I have all of Louise Penny's Three Pines mysteries, and also reviewed the penultimate in the series, "The Brutal Telling". With the latest, "Bury Your Dead", I think the series has changed its name to the Armand Gamache or Inspector Gamache series, after the Quebecois Chief Inspector who leads the action. The town of Three Pines appears in "Bury Your Dead", but it is not the center of the action.

At times in this series, Gamache's always-patient, always wise-as-an-owl persona gets just a little annoying (though not enough to keep me from giving the books five stars). I didn't feel this annoyance in "Bury Your Dead". Yes, Gamache still has his head screwed on right and lives and reacts with dignity (though not standing on his dignity). But it wasn't beaten to death in the telling of the tale.

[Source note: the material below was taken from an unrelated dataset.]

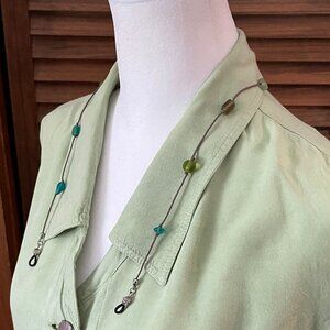 This beaded eyeglass chain, also called a croakie, is made of varied green, blue, and brown opaque beads on a light brown knotted cord. It hangs about a foot around the neck to hold eyeglasses. Elastic loops at each end hold the arms of eyeglasses while the hang around your neck, keeping eyeglasses close at hand for when you need them. The style and colors will complement almost any outfit.

Louise Penny does a masterful, and I mean masterful, job of intertwining three stories. 1) Why was an eccentric killed in the basement of the Literary and Historical Society Building, in the old walled city of Quebec, while Gamache was visiting, no less. 2) Did Gamache (and the prosecutor) make a mistake when they nailed a certain Three Pines resident as the murderer in "The Brutal Telling". 3) How can Gamache heal from the heartbreak and guilt of a kidnapping gone wrong, which happened before "Bury Your Dead" opens (and during the six months since the action of "The Brutal Telling").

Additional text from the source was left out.